- Source material:
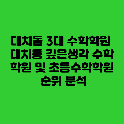 대치동 3대 수학학원 대치동 깊은생각 수학학원 및 초등수학학원 순위 분석
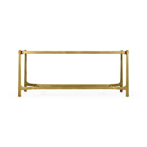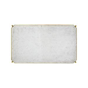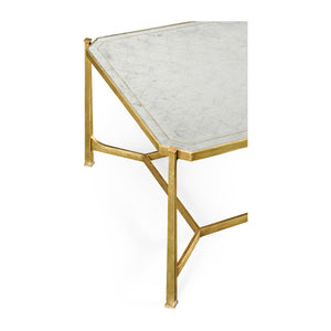 Art Deco Style Gilt Cocktail Table, wrought iron frame with an antique gilded finish and églomisé rectangular top set on an openwork stretcher base.
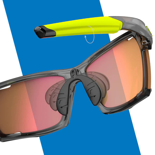 Las piezas ajustables para las patillas y la nariz le permiten tener un ajuste personalizado según la forma de su rostro. Las almohadillas de goma hidrófilas se hinchan cuando están mojadas y permanecen en su lugar cuando sudas.
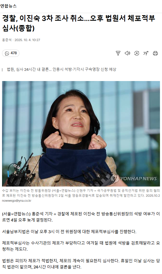 경찰, 이진숙 3차 조사 취소… 오후 법원서 체포적부심사 (종합) ㅡ 이진숙 구속하라

- Task statement: Your reply should hold exactly the lines from the line containing "Art Deco Style" through the final line of the listing, and none of the pictures.

- Completed task:
 Art Deco Style Gilt Cocktail Table, wrought iron frame with an antique gilded finish and églomisé rectangular top set on an openwork stretcher base.
 Las piezas ajustables para las patillas y la nariz le permiten tener un ajuste personalizado según la forma de su rostro. Las almohadillas de goma hidrófilas se hinchan cuando están mojadas y permanecen en su lugar cuando sudas.
 경찰, 이진숙 3차 조사 취소… 오후 법원서 체포적부심사 (종합) ㅡ 이진숙 구속하라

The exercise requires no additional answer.